When Apple launched the iPhone X on November 3, it became an immediate race among hackers around the world to be the first fool the company’s new advanced form of authentication. A week later the hackers on the actual another side of the world claim to have easily reprinted someone’s face to unlock his iPhone- with what looks like a simpler technique than some security researchers believed possible.
Vietnamese security firm Bkav introduced a video showing that- by all appearances they had cracked Face ID with a composite mask of 3D printed plastic, silicone, makeup ad simple paper cutouts, which in combination tricked an iPhone X unlocking. That demonstration, which has yet to be confirmed publicly by other security researchers, could poke a hole inexpensive security researchers could poke a hole in the expensive security of the iPhone X, particularly given that the researchers say their mask cost just $150 to make.
The company said, “Apple has done this not so well. Face ID can be fooled by the mask, which means it is not an effective security measure”. The video shows that one of the company’s staff pulls a piece of cloth from a mounted mask facing an iPhone X on a stand and the phone instantly unlocks. Despite the phone’s sophisticated 3-D infrared mapping of its owner’s face ad AI-driven modeling.
The researchers added that they were able to achieve that spoofing with a relatively basic mask little more than a sculpted silicone nose some two-dimensional eyes and lips printed on paper, all mounted on a 3-D-printed plastic frame made from a digital scan of the would-be victim’s face.

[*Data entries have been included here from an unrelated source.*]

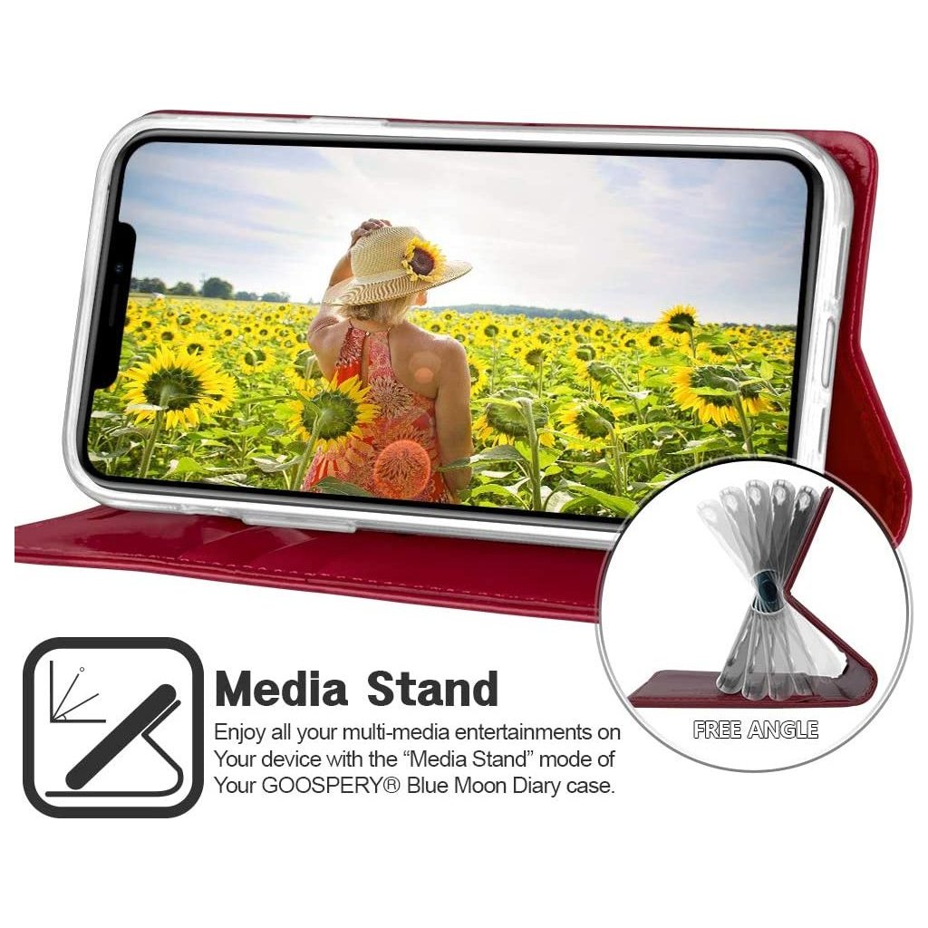 Ochranné pouzdro na iPhone Mercury Bluemoon Diary je zavírací elegantní kryt pro Apple telefony. Příjemný obal plní kromě ochranné funkce také použití jako stojánku nebo přihrádky pro uložení drobné hotovosti.
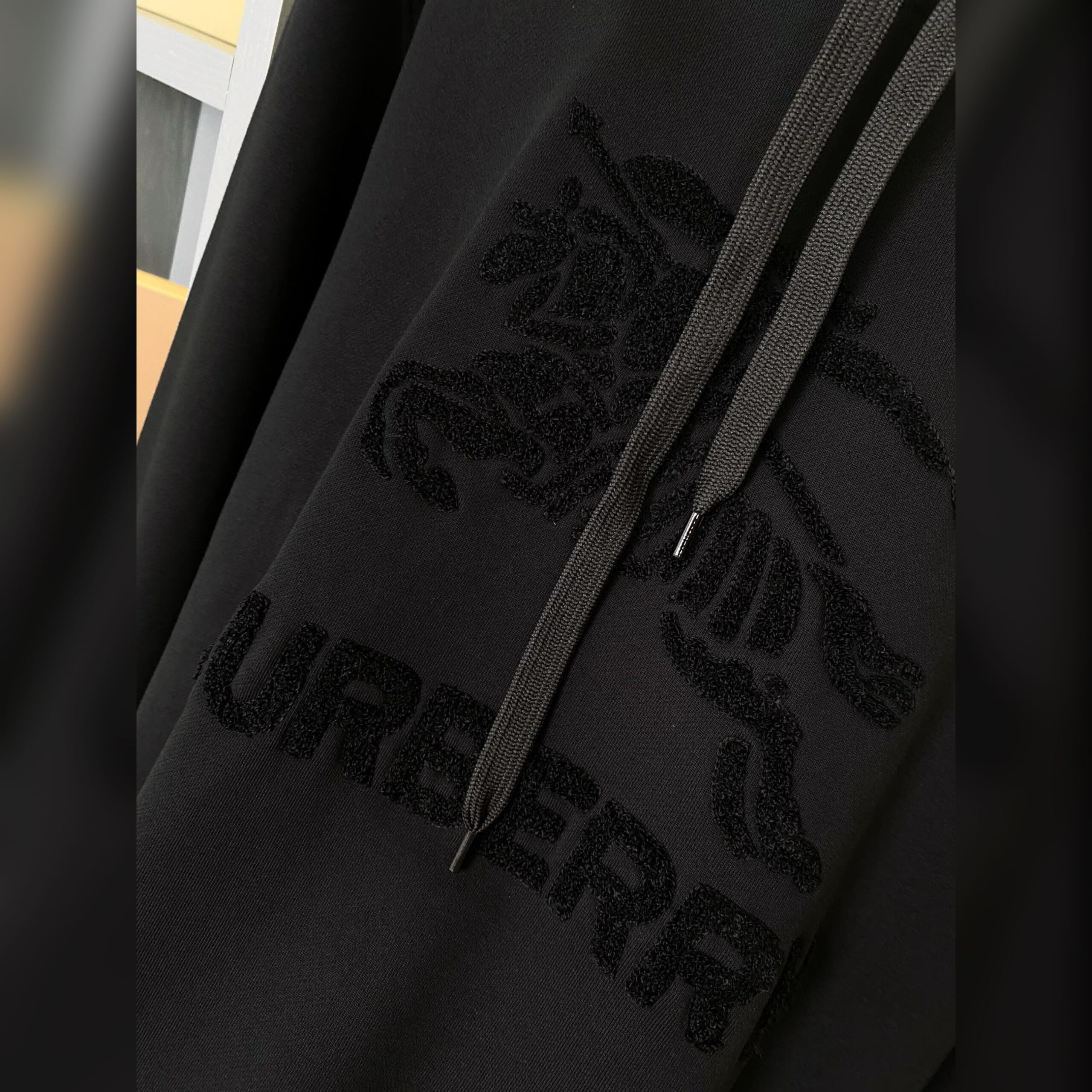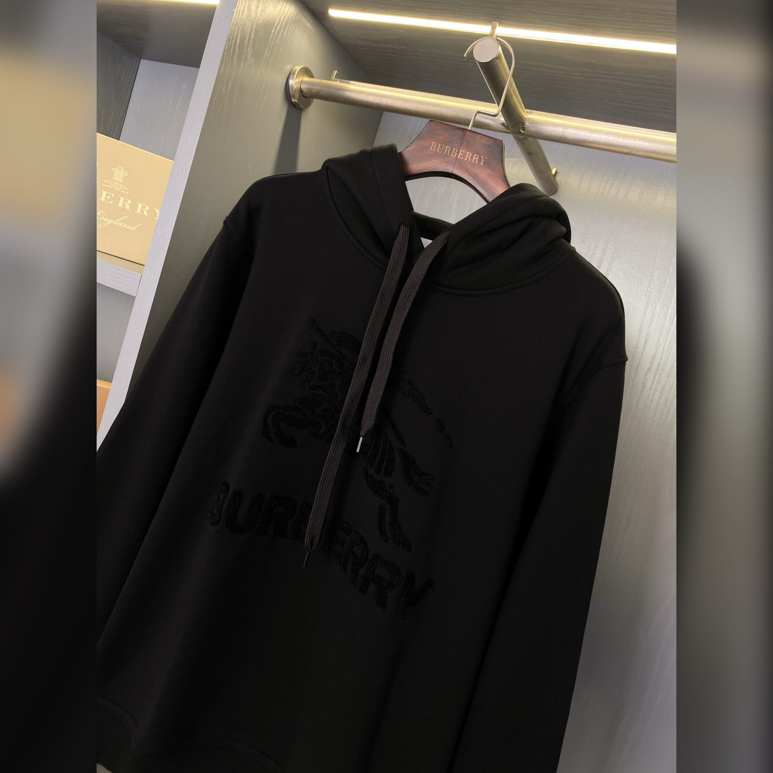 На первый взгляд худи выглядит предельно аскетично, но при ближайшем рассмотрении становится виден узор в виде знакового конного рыцаря и логотипа марки.
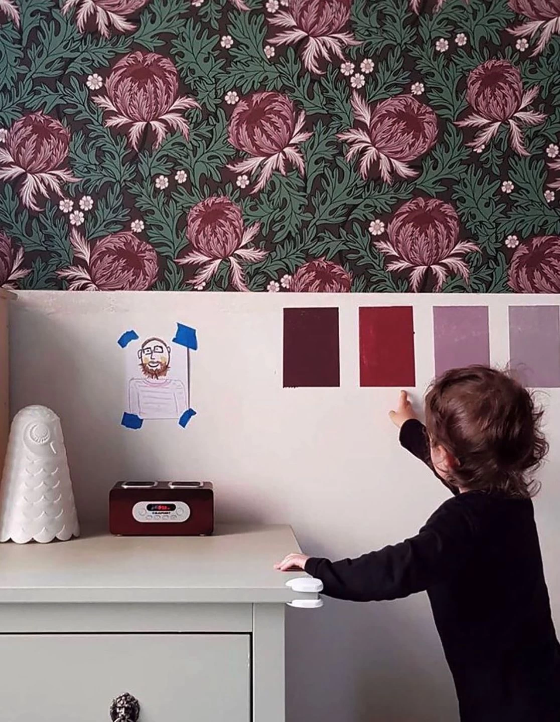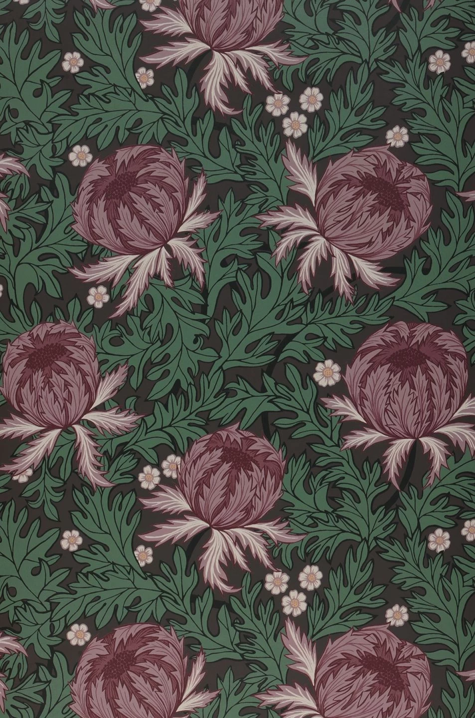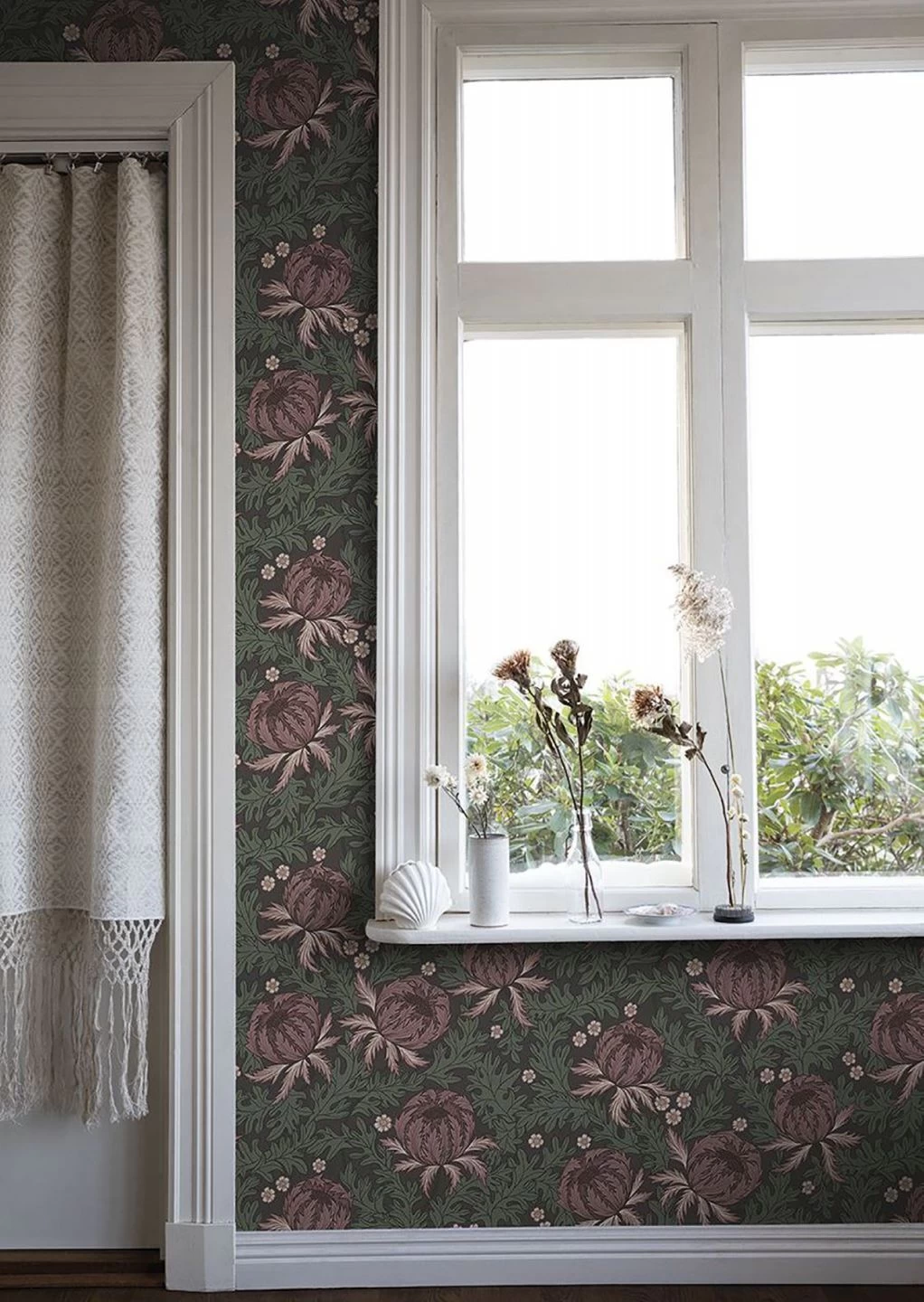 Kraftvolle, kunstvoll gestaltete Blüten stehen hier im Mittelpunkt. Dicht von den grünen Blättern umgeben, heben sich ihre Violett-Töne angenehm vom dunkelbraunen Untergrund ab. Hier und da lockern kleine, helle Blumen das Bild der Vliestapete auf. Das florale Design passt ausgezeichnet zu weißen Einrichtungselementen und betont mit seinen Anklängen an den Jugendstil den klassischen Charme von Vintage-Möbeln.

No security is fool proved, but bypassing Face ID in secrecy through this method generally seems to require the high degree of technical knowledge, time and effort ad direct access to iPhone X in question. If any malicious parties would have a limited window to get into a stole phone since Apple has built in various restrictions on how often Face ID can be used alone.
Despite the potential threat of snooping on a sleeping, kidnapped, or dead person’s iPhone X, Rogers (security researcher) considers the notion that someone will make a silicone-and-plastic mask of the average person’s face far-fetched. A far more practical concern is someone simply tricking a victim into glancing at their phone.